Реакция моего лучшего тогда друга, с которым я говорил по телефону через день-два после падения Стены, была стильно интеллектуально-циничной. «Великая Германия возвращается», – мрачно предсказал он. Теперь я попросил у него разъяснений. Пусть и отвергая, я уважал его политические установки, и был удивлен тем, что он не выказал ни малейшего воодушевления по поводу недавних событий. Сегодня он продюсер документальных фильмов Би-би-си. Он повторил предсказание и заявил, что как только Германия воссоединится, она снова начнет командовать на мировой арене – что определённо не пойдет на пользу рядовым немцам. И ему не интересно было выйти глянуть, что творится в городе. А мне было. Подземка оказалась перегружена. Служащие метро на платформах давно потеряли последнюю каплю терпения. Фразы, которые они раньше десятки раз за смену монотонно бубнили в рупоры, теперь превращались в отчаянные вопли: «Заходите, наконец в чертов поезд, он опаздывает! Двери закрываются! СЕЙЧАС ЖЕ!» <…>
Я вернулся в Берлин еще раз перед Новым годом. Теперь из стены на обоих концах дуги, огибавшей Бранденбургские ворота, и еще в нескольких местах были выдернуты блоки, так что образовались дополнительные проходы. «Стенные дятлы» выдолбили дыры побольше, такой величины, что в них мог пролезть человек, что многие и делали время от времени – хотя нужды в этом не было, ведь теперь можно было свободно гулять и даже ездить туда-обратно через проходы. Полицейские Западного Берлина стояли у новых пропускных пунктов и наблюдали, как люди приходят и уходят, но не проверяли паспорта. В тот раз я захотел увидеть, что происходит в Восточном Берлине, и проскользнул на другую сторону. Уже сам акт проскальзывания заставил меня содрогнуться. Мира или Западной Германии без железного занавеса я не знал. События нескольких недель еще не изменили образ жизни, десятилетиями протекавшей под знаком холодной войны. Я все еще переходил из одного мира в другой. Один-единственный шаг перенес меня в зазеркалье. Улицы выглядели пустынными. Вокруг почти не было освещенных окон. Восточный Берлин, как всегда, радикально отличался видом и атмосферой: здания со времен войны не знали краски, повсюду видны были в огромном количестве пулевые пробоины (в одну я сунул палец, а когда вытащил, увидел на нем ржавчину) – руины остались еще со времен войны. Аллеи были замусорены и забиты брошенными трабантами и вартбургами – большинство машин разобраны на части, капоты и двери распахнуты или оторваны. Я прошелся по улицам, имена которых позже никогда не слышал в Пренцлауэрберге – теперь это место моего жительства, – мимо молодых людей, которые по-шакальи выскребали из автомобильных каркасов последние лакомые кусочки. Мебель была свалена на тротуарах. Все было залито странным голубоватым, болезненным светом допотопных фонарей. Все вокруг выглядело так, что возникало ощущение войны или другого катаклизма, – будто город эвакуирован.

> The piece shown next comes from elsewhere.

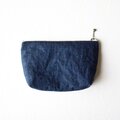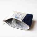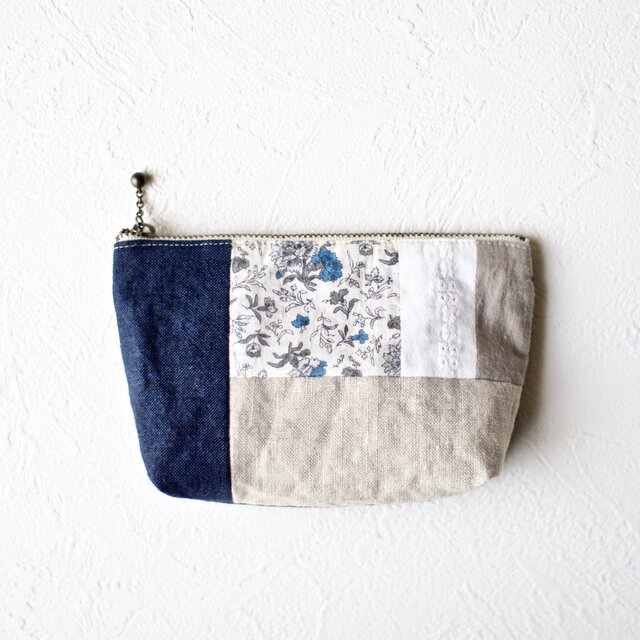 深い紺色の麻デニムとコットンの花柄生地をポイントにコットンのレース生地、リネンなどいろいろな生地をパッチしたポーチ。

<…> Вечером Нового года я остался один. Я спросил одну мою западногерманскую подругу, не хочет ли она пойти со мной праздновать Новый год к Бранденбургским воротам. Она сказала: «Нет: я не могу разделить общую эйфорию». Что она разделяла, так это слегка окрашенное цинизмом равнодушие, общее для студентов Запада. Годы позже мой друг-иностранец и я сравнивали заметки об этом времени, и он сообщил мне, что и он тоже столкнулся с подобными настроениями в кругу знакомых из Западной Германии: апатия, пессимизм, род сопротивления малейшему проблеску радости или надежды. «Что-то не так с ними», – сказал он. «Они эмоциональные калеки». Один восточный берлинец, перебравшийся на Запад еще до воссоединения, рассказывал, как похожие переживания в ночь падения Стены привели его к разрыву отношений с невестой из Западного Берлина: «Я пришел к ней, там сидели еще четыре студента-психолога, пили чай. Я сказал: ‘Эй, там медведь с цепи сорвался, стена рухнула. Идете со мной?’ Но у них не было ни малейшего интереса, они так и продолжали сидеть с их чашками. И я разглядел их маленькие – для меня – духовно убогие мирки. И тут же отношениям пришел конец». Я знаю из хроник, что настроения в толпе были разные. Кажется, именно западные немцы реагировали равнодушно. Через 10 месяцев, в день и час воссоединения Германии, в Эрлангене <…> не было ни фейерверков, ни веселья – ничего. Но когда Германия в том же году выиграла чемпионат мира по футболу, город – как и вся страна – взорвался ликованием, и танцами на улицах, и празднествами, и фейерверками – пока воздух не замутился смогом.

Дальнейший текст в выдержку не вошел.